Abstract

In the age of COVID, the regaining of economies appears mostly imperative, and rural areas could play a crucial role in this framework. The question of inhabitants’ dispersion and low density, and the exodus of rural people to bigger urban centers have determined an adverse effect on rural development. Rural isolation rises to be a higher order good, delivering a higher degree of security in the pandemic context for those seeking refuge from gatherings of cities. Rural areas provide food, natural environments, and resources that help occupations, development, and wealth trends and preserve cultural heritage. Consequently, rural spaces are vital for several motives and thus it is essential to focus on issue of rural development, especially since lacking rural development does not allow dialoging about development in a regional and/or national perspective. This paper investigates the stakeholders’ impact on rural development, by considering the increasing role of stakeholders as well as the specificity of the diverse objectives pursued by these groups. As there are several stakeholder groups, attention was sweeping, defining them in a sectoral way to corporate, sciences, public administrations, and society. Where there was a need to distinguish among these sectors groups of stakeholders in a more detailed way, such identification took place, for example, in relation to social leaders.
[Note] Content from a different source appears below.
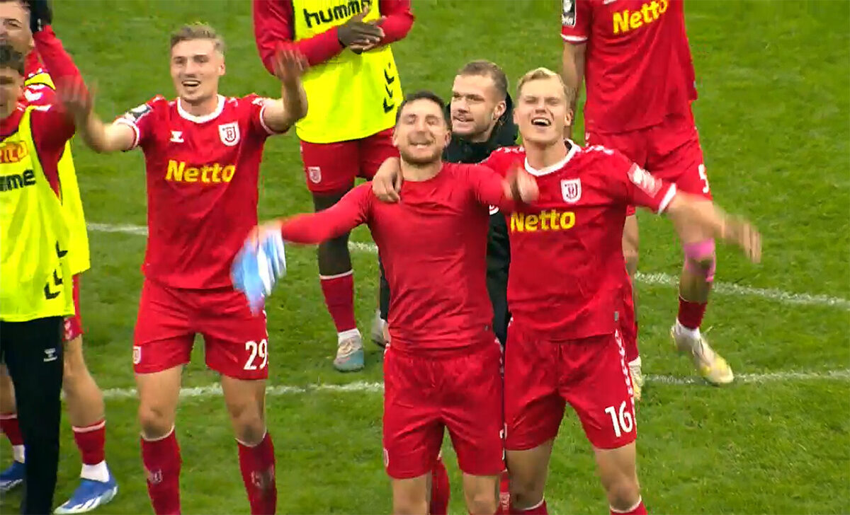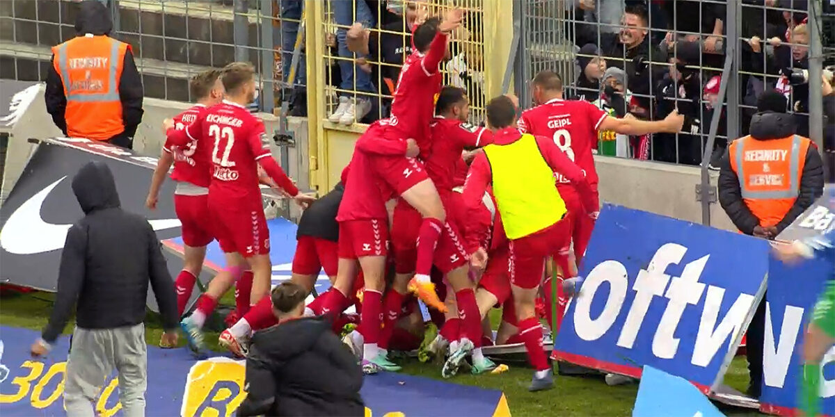 Besonders freut er sich für Tobias Eisenhuth, der mit seinem ersten Profi-Tor überhaupt den Dreier festgemacht hat: „Normalerweise ist er ein Freistoßspezialist, heute hat er nachgewiesen, dass er ein cooler Fußballer ist.“ Und was sagt der Matchwinner selbst? „Das ist einfach ein geiles Gefühl, für uns alle, die Fans.“ Der Flow, auf dem man dahingleite, begünstige, „dass man immer weiter macht, ob Rückstand oder schweres, langes Spiel wie heute, in dem man nicht richtig drin ist – wir belohnen uns auch immer sehr spät, arbeiten hart, weil jeder für den anderen kämpft, die Chemie stimmt.“ Dieses geile Gefühl übertrage sich: „Das trägt uns relativ weit.“

The analysis of the results of the questionnaire survey performed in 2020 aimed to accomplish the identified purposes of the paper. The online survey using the CAWI method was conducted in southeastern Poland among people representing all stakeholder groups. The outcomes of the investigation indicate the great prominence of business in the development of rural areas being able to generate added value and influence the increase of entity potential.

Highlights

  • From European perspective, but especially from the Polish one, have been for a long time characterized by high fragmentation and this situation still remains in many regions after the accession to the EU [1]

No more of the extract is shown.